SIMPLIFICA. DEPOIS, EXAGERA!
A ideia messiânica de que os Estados Unidos são um instrumento de Deus para libertar o Mundo das Trevas representa
um certo fundamentalismo católico e tem sido explorada pelos
neo-conservadores. Como salientou Rui Borges, em recente texto
publicado no portal www.esquerda.net, “esta aliança entre neoliberais e fundamentalistas cristãos em torno do Projecto para um
Novo Século Americano” assenta em “projectos de privatização
da sociedade e dominação global” que “criam uma cada vez
maior desigualdade social e o empobrecimento de camadas cada
vez mais largas da sociedade”; (...) “o projecto social desta santa
aliança entre neoliberais e fanáticos religiosos resume-se assim
a mais dinheiro para os ricos e mais moral e bons costumes para
os pobres”.
Numa crónica do início deste ano publicada pelo insuspeito
“Financial Times”, lembrava-se um editor do “The Economist”

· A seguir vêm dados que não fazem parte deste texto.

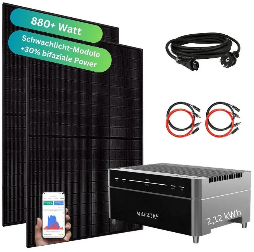 Kategorie: Solaranlagen - dura-solar - Das Set kombiniert die neueste Speicher- und Wechselrichtertechnologie mit hocheffizienten Solarmodulen, perfekt für als Balkonkraftwerk oder für deine bestehende Solaranlage. Im Mittelpunkt steht der Marstek Venus A, ein intelligentes All-in-One-System mit integriertem Akku, Wechselrichter und KI-gestütztem Energiemanagement. Mit einer modularen Speicherkapazität von 2,12 kWh bis 12,72 kWh passt er sich flexibel deinem Bedarf an. Dank der Notstromfunktion mit 1200 W Dauer- und 1440 W Spitzenleistung bleibst du auch bei Stromausfällen zuverlässig versorgt, in unter 15 ms. Die im Set enthaltenen 4 Jolywood JW-HD108N R2-500W Glas-Glas-Module liefern mit ihrer bifazialen N-Type-Technologie höchste Energieerträge. Mit einem Modulwirkungsgrad von bis zu 22,5% und besonders robuster Glas-Glas-Bauweise sind sie auf Langlebigkeit, Effizienz und geringen Wartungsaufwand ausgelegt... - 1189,00 Euro bei dura-solar.de - gefunden von billiger.de Ein Balkonkraftwerk mit 2000+ Watt und 2,12 kWh Speicher, das mit 4 bifazialen Modulen eine hohe Effizienz verspricht. ![]() ![]() MyVoltaics Balkonkraftwerk 2000+ Watt MIT SPEICHER Marstek Venus A 2,12 kWh, Versand 0 , 1200 W, mit 4 Modulen 500+ W bifazial, (Set komplett, 5-St., komplett steckerfertig für Steckdose und Solarmodule, erweiterbar), 800 W Netzausgang, Notstrom direkt am Speicher bis zu 1200 W grau|schwarz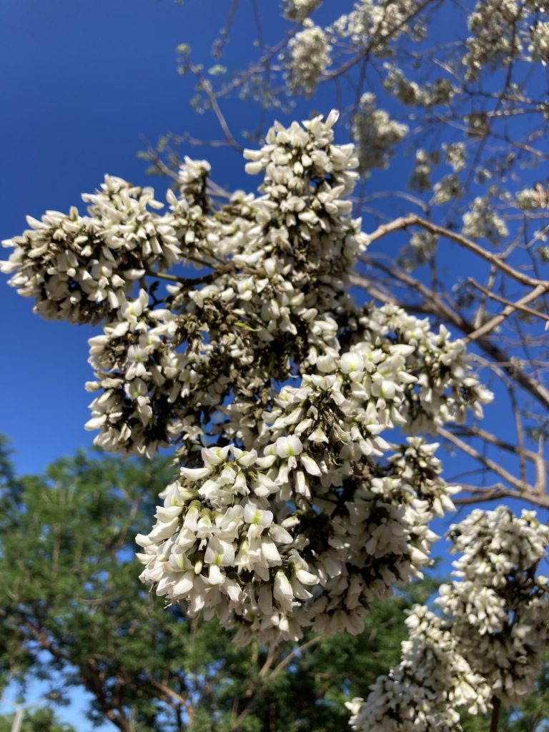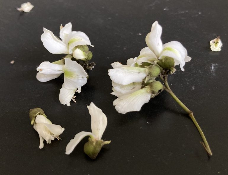 Flowers (1 cm) are produced in large axillary panicles (about 20 cm long or more) holding a hundred or so of the irregular, white blossoms. Resembling pea flowers, each has five unequal petals; a cup-shaped, fused green calyx; ten stamens; and a green central pistil. A large, superior petal, sporting a pale green spot at its center, forms a wide hood over the remaining, narrow, inferior petals. Flowering immediately precedes leaf generation, and occurs in March or April.
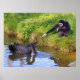 White-handed gibbon or white-handed gibbon (Hylobates lar) and black swan (Cygnus atratus) on water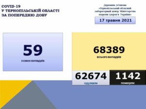 59 нових випадків коронавірусної хвороби COVID-19 зафіксовано в Тернопільській області станом на 17 травня 2021 року.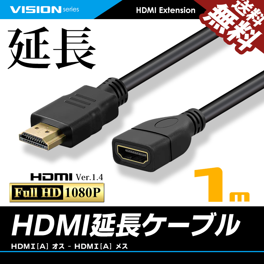 - HDMI延長ケーブル 1m 1メートル Ver1.4 FullHD 3D フルハイビジョン 1080P オス-メス ネコポス 送料無料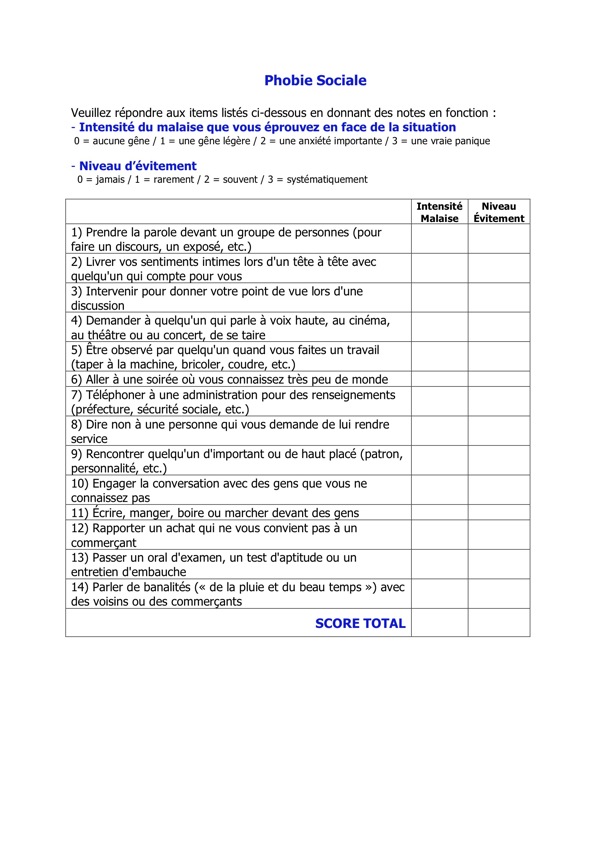 Evaluation de la phobie sociale

que nos anos 50 tornaria célebre uma máxima para a prática
jornalística: “Simplifica! Depois, exagera!”, pedia aos seus jornalistas. Segundo o cronista, essa máxima foi explorada até ao
máximo pelos neo-conservadores norte-americanos, com ampla
intervenção na comunicação social. De resto, foi esse o estilo
que deu ao jornal “Independente” notoriedade nacional. Não há
coincidências: Paulo Portas é um amigo próximo dos neo-cons.
David Frum é um desses jornalistas / assessores de comunicação, a quem se atribui a generalização da equívoca expressão
“Eixo do Mal”, em nome do qual se justificaram massacres. Frum é
hoje um dos principais dirigentes da AEI, uma influente organização empresarial de inspiração neo-con que promove estudos sobre
gestão pública. Um banquete realizado este ano por esta organização revelou a importância atribuída à intervenção da imprensa,
quando Dick Cheney apresentou Charles Krauthammer, colunista
do “The Washington Post”, para este fazer o seu discurso.

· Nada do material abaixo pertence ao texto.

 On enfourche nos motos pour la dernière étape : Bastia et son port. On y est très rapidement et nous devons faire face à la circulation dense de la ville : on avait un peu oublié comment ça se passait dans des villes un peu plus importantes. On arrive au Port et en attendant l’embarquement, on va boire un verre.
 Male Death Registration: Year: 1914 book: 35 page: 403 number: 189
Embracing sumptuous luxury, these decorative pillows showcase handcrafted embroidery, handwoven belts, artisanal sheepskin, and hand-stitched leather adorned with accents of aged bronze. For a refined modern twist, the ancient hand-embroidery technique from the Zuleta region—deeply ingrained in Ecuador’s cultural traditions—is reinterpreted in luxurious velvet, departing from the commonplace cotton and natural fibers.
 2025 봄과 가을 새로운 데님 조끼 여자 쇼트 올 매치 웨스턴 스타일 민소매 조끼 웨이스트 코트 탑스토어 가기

Como seria de esperar, Krauthammer levou a simplificação ao
extremo para justificar um exagerado papel para os Estados Unidos: tal como contribuíram nos anos 40 para derrubar os regimes
autoritários da Alemanha e do Japão, os Estados Unidos estariam
agora a contribuir para a instauração de regimes civilizados,
decentes, não-beligerantes e pró-ocidentais no Afeganistão ou
no Iraque. Um mundo unipolar, de inspiração divina, controlado
pelos americanos.
Os conservadores dos Estados Unidos vão inventando os seus
inimigos externos, álibis para a barbárie da agressão e para um
expansionismo militar imperialista: depois da queda do Muro de
Berlim e da derrocada dos regimes comunistas europeus, o exército
norte-americano encontrou no Médio Oriente um novo palco de
Guerra, que procura justificar globalmente como um choque de
civilizações entre o Ocidente e o Oriente. Como se tem visto, não
é disso que se trata.
O Orçamento de Estado norte-americano traduz cruamente as
opções ideológicas que os neo-cons introduziram na governação
americana: 2,7 biliões de dólares para o sector da Defesa em 2007,
mais do que todos os outros países do Mundo juntos. Bush reforçou o contingente militar no Iraque este ano e vai alimentando a
cadeia de violência: presença militar, retaliação com atentados,
reforço dos meios para a luta anti-terrorista... Apesar do descrédito das personalidades neo-conservadoras junto de uma opinião
pública cada vez mais contrária à presença de forças militares
norte-americanas no Médio Oriente.
NOTAS
* O Príncipe das Trevas, Combate, Abril de 2003
** Neo-cons à Conquista do Mundo, Combate, Abril de 2005
* João Romão é dirigente do Bloco de Esquerda.